ABOUT THIS EXERCISE
With the pictures omitted, set down exactly the lines from the one that contains "Lamarti, фабрика мебели" through the last line of the data.

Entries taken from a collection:
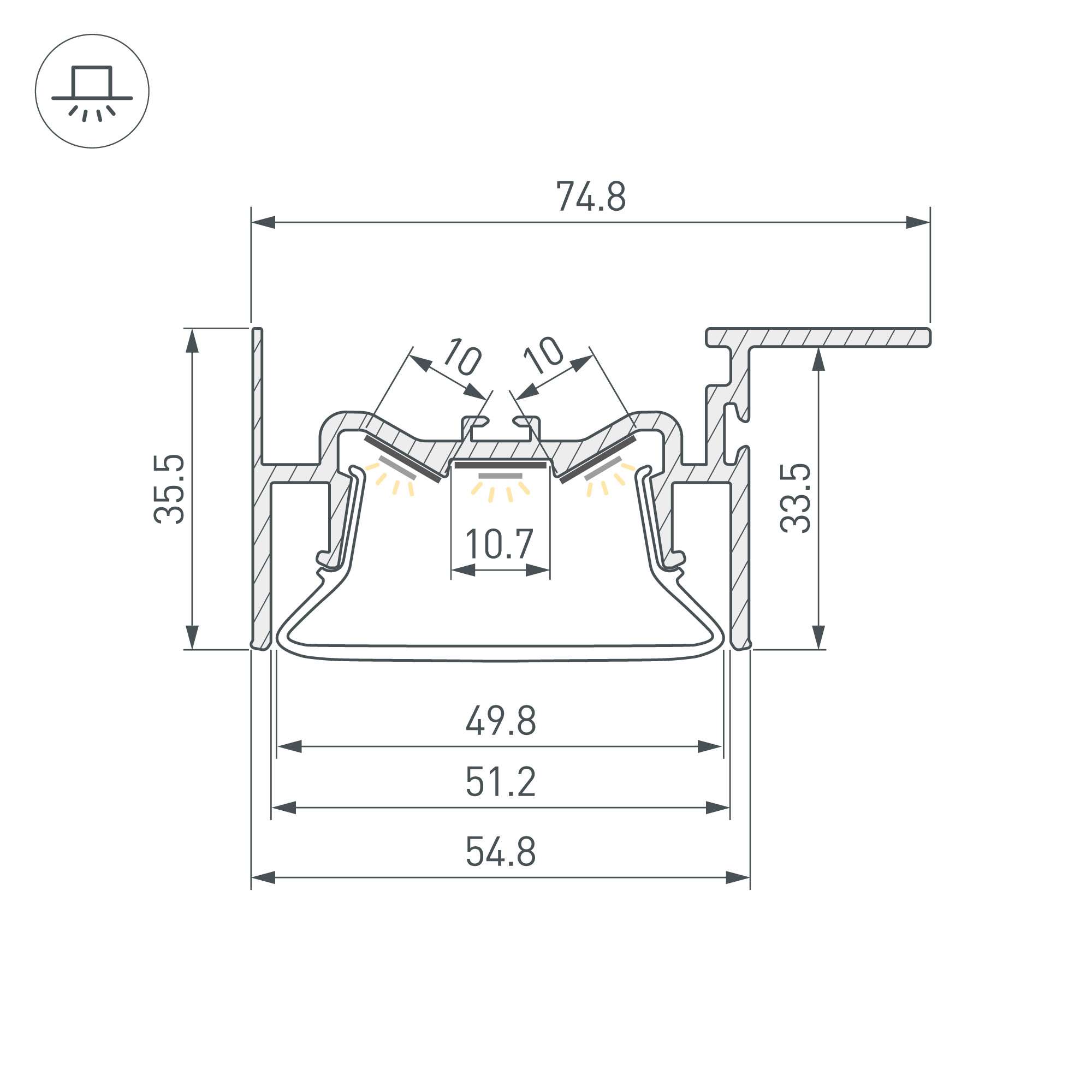 Габаритные размеры профиля составляют 2000 мм в длину, 75 мм в ширину и 36 мм в высоту. Площадки для установки светодиодных лент позволяют использовать ленты шириной до 10 мм и мощностью до 53,8 Вт/м (общая мощность для трех лент). Это обеспечивает гибкость в выборе светодиодных лент и создает потрясающие световые решения.
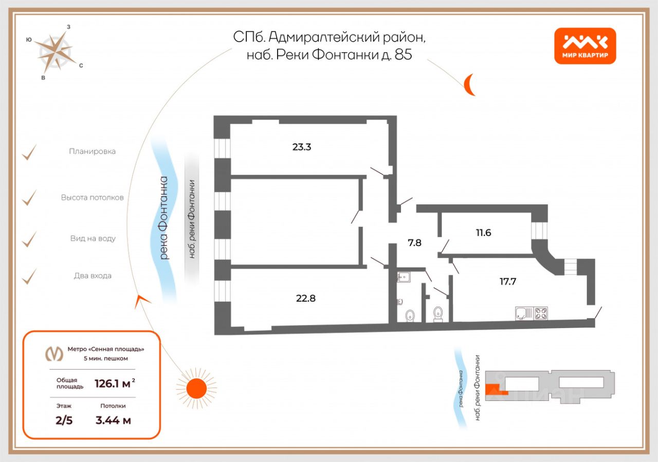 Квартира обладает двусторонней планировкой. Окна 3 комнат смотрят на набережную, просторная кухня и еще одна комната выходят в закрытый, тихий и уютный двор. За счет больших окон и высоких потолков 3,44 метра квартира наполнена воздухом и дневным светом. Всего одна несущая стена, которая делит квартиру на фасадную и дворовую части и второй вход значительно расширяют варианты использования помещения!
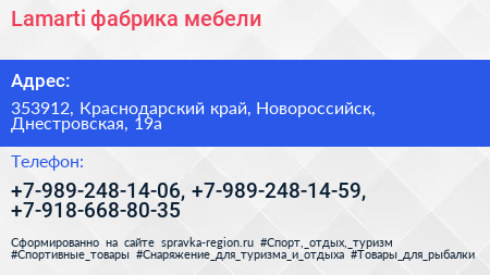 Lamarti, фабрика мебели по адресу 353912, Краснодарский край, Новороссийск, Днестровская, 19а в дальнейшем Организация, размещена в следующих категориях:
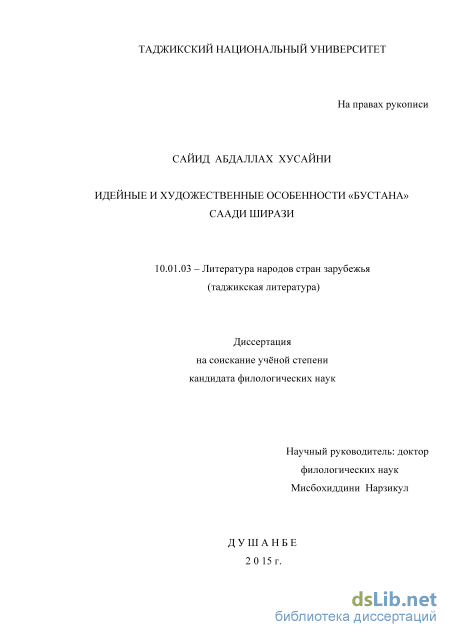 Актуальность темы исследования. Персидско-таджикская поэзия, имеющая всемирную славу в течение более тысячилетней истории своего развития подарила сокровищнице мировой культуры генальные художественные произведения суфийско-дидактического содержания, такие как "Хадикат ал-хакика" ("Сад истины") Санаи Газневи, "Махзан ал-асрар" ("Сокровищница тайн") Низами Гянджеви, "Мантик ат-тайр" ("Язык птиц"), "Асрар-наме" ("Книга тайн") Фаридаддина Аттара, "Меснави ма'нави" («Духовное месневи») Джалаладдина Руми и т.д. К числу шедевров средневековой поэзии на фарси относится и «Бустан» Саади, являющийся бесподобным сокровищем в сокровищнице мировой литературы. В течении столетий в связи с появлением новых взглядов и воззрений в исследованиях по литературе, появлением новых направлений и школ в изучении художественных литературных памятников, творения Саади всегда шагают в ногу со временем, его вечные поучения, особенно его воспитательные и нравоучительные воззрения, отвечают и современным требованиям мировой общественности.
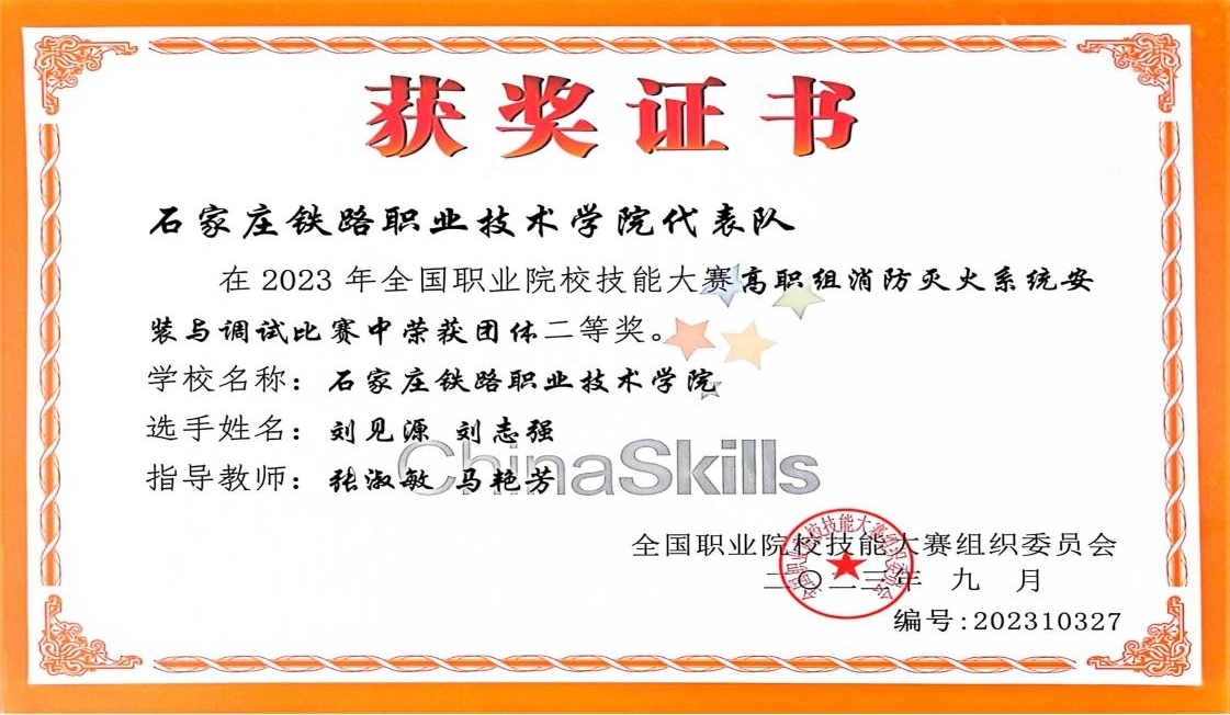 图3 设备师生2023年全国职业院校技能大赛(高职组)“消防灭火系统安装与调试”赛项荣获二等奖

EXERCISE RESULT
 Lamarti, фабрика мебели по адресу 353912, Краснодарский край, Новороссийск, Днестровская, 19а в дальнейшем Организация, размещена в следующих категориях:
 Актуальность темы исследования. Персидско-таджикская поэзия, имеющая всемирную славу в течение более тысячилетней истории своего развития подарила сокровищнице мировой культуры генальные художественные произведения суфийско-дидактического содержания, такие как "Хадикат ал-хакика" ("Сад истины") Санаи Газневи, "Махзан ал-асрар" ("Сокровищница тайн") Низами Гянджеви, "Мантик ат-тайр" ("Язык птиц"), "Асрар-наме" ("Книга тайн") Фаридаддина Аттара, "Меснави ма'нави" («Духовное месневи») Джалаладдина Руми и т.д. К числу шедевров средневековой поэзии на фарси относится и «Бустан» Саади, являющийся бесподобным сокровищем в сокровищнице мировой литературы. В течении столетий в связи с появлением новых взглядов и воззрений в исследованиях по литературе, появлением новых направлений и школ в изучении художественных литературных памятников, творения Саади всегда шагают в ногу со временем, его вечные поучения, особенно его воспитательные и нравоучительные воззрения, отвечают и современным требованиям мировой общественности.
 图3 设备师生2023年全国职业院校技能大赛(高职组)“消防灭火系统安装与调试”赛项荣获二等奖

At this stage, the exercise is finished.